1. Introduction

Arthropod-borne viruses (arboviruses) are part of a large group of viruses that are transmitted to hosts (animals and humans) by hematophagous insects, such as mosquitoes and sand flies [1,2]. In the past years, various arboviruses gained notoriety for their impact on public health in different parts of the globe, such as the Yellow Fever (YFV), Dengue (DENV), Chikungunya (CHIKV), and Zika (ZIKV) viruses [3,4,5,6]. In 2015, Brazil faced a unique epidemiological scenario, with multiple reports of arbovirus-like symptoms and an enormous number of neurological cases (Guillain–Barré and congenital Zika syndromes). The Brazilian Northeast region was particularly affected and considered to be the epicenter of the disease, but Zika later spread to the rest of the country [7,8]. Within the Brazilian northeast region, Recife, the capital of Pernambuco state, was the most affected city in Brazil, with the highest number of congenital Zika syndrome cases than any other Brazilian capital [7,9]. In addition to ZIKV, DENV and CHIKV were simultaneously circulating in the city. Among several risk factors for arbovirus infections, the low socioeconomic conditions and the high densities of mosquito vectors found in Recife favored the broad and rapid dispersion of these three viruses in the area [9,10].

Dengue is the only one of these arboviruses possibly preventable with a vaccine. Still, the dengue vaccine is safe and prevents severe dengue in a subsequent infection, with long-term protection in seropositive individuals, while analysis revealed an excess risk of severe dengue in seronegative vaccinated individuals, compared to seronegative non-vaccinated [11,12,13]. In short, there are no effective and safe vaccines to control these arboviruses and no anti-viral treatments. Therefore, effective mosquito management programs are crucial for reducing mosquito populations, mosquito bites, and consequently, the transmission of arboviruses.
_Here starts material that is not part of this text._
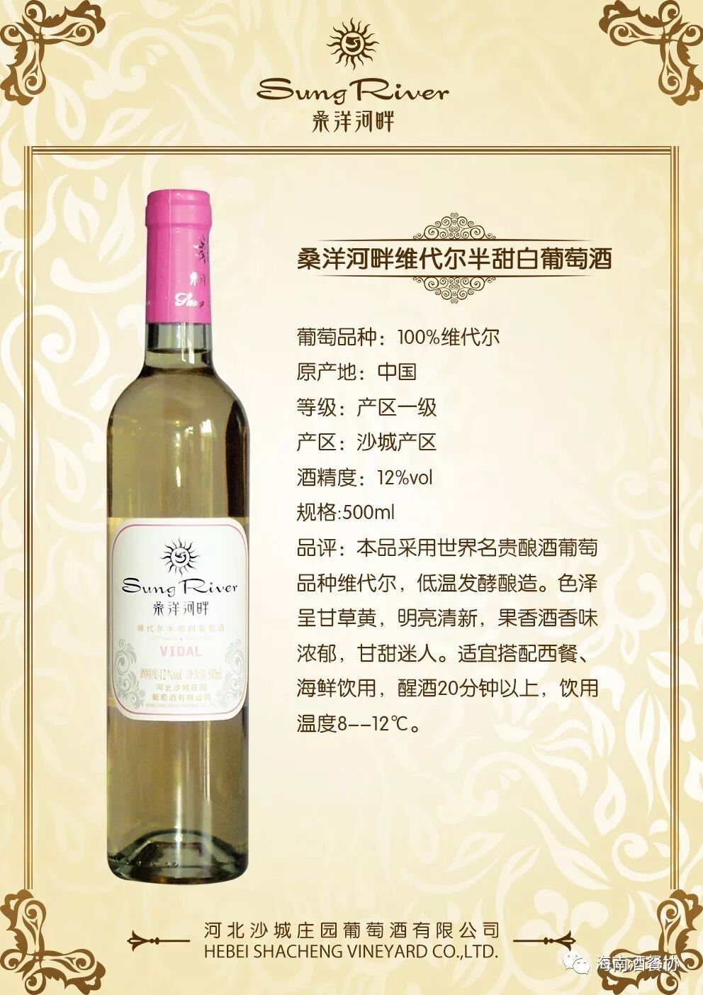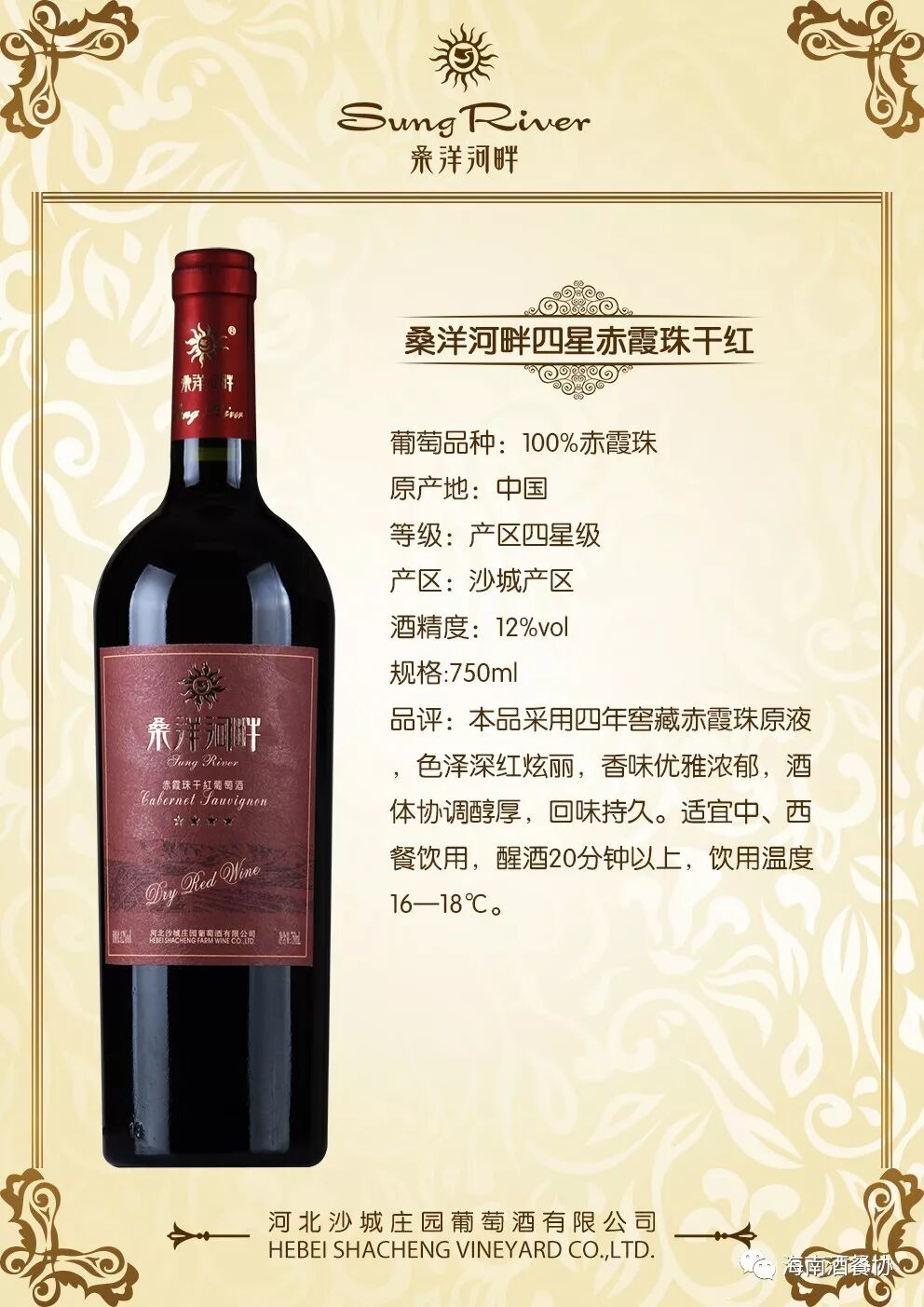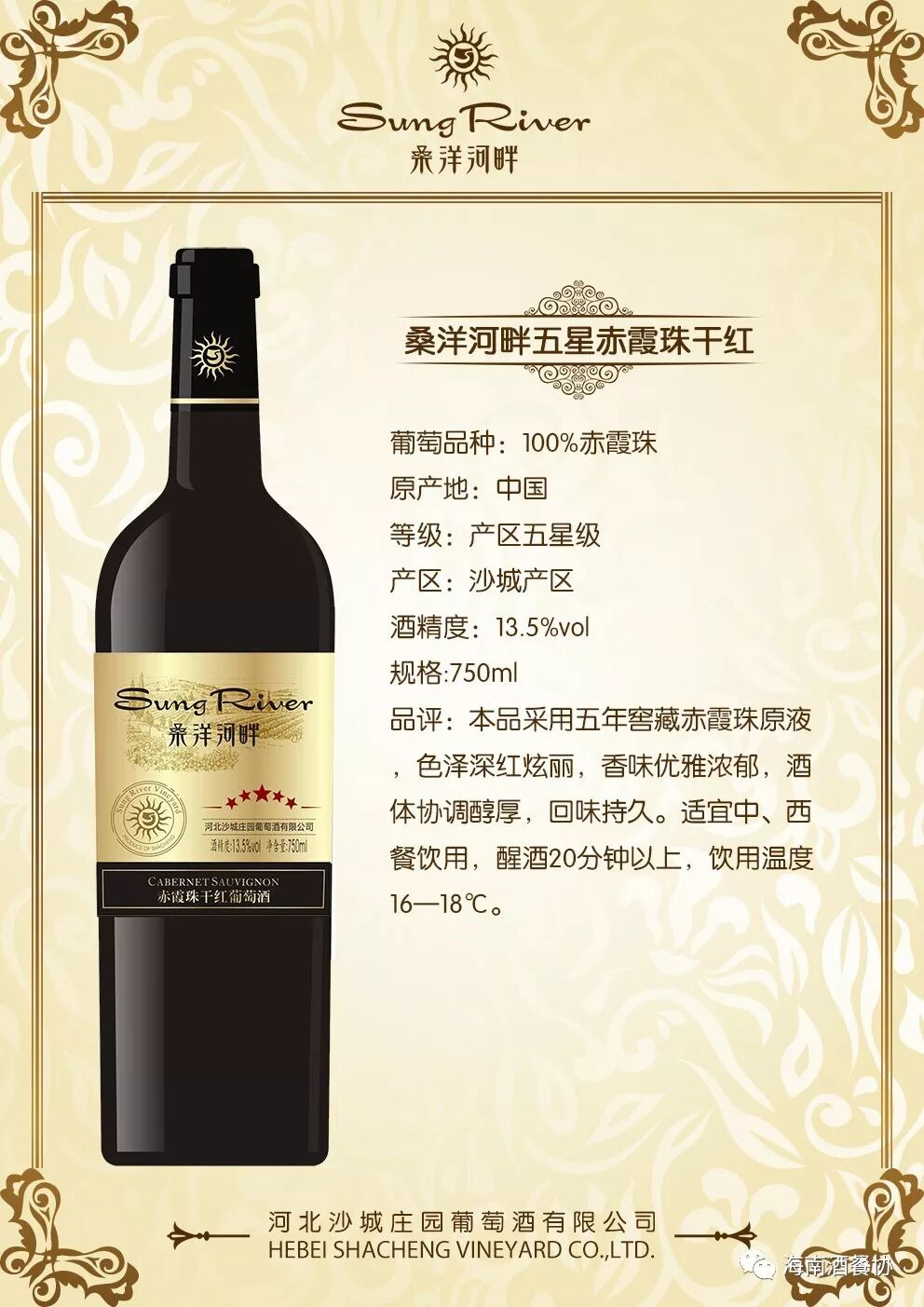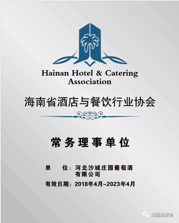 经海南省酒店与餐饮行业协会会议研究决定,将河北沙城庄园葡萄酒有限公司增选为第三届理事会常务理事单位,同时授予牌匾及证书。

Although many characteristics are shared between both mosquito species found in the MAR, such as habitats, life-cycle patterns, and anthropophilic behavior, significant differences are found in the role as vectors of disease agents. Aedes aegypti has been identified as the main species responsible for the viral transmission dynamics of DENV, ZIKV, and CHIKV in different settings [14]. Although field-collected Culex quinquefasciatus have also been found positive for these arboviruses, vector competence studies do not corroborate some of these surveillance data [15,16].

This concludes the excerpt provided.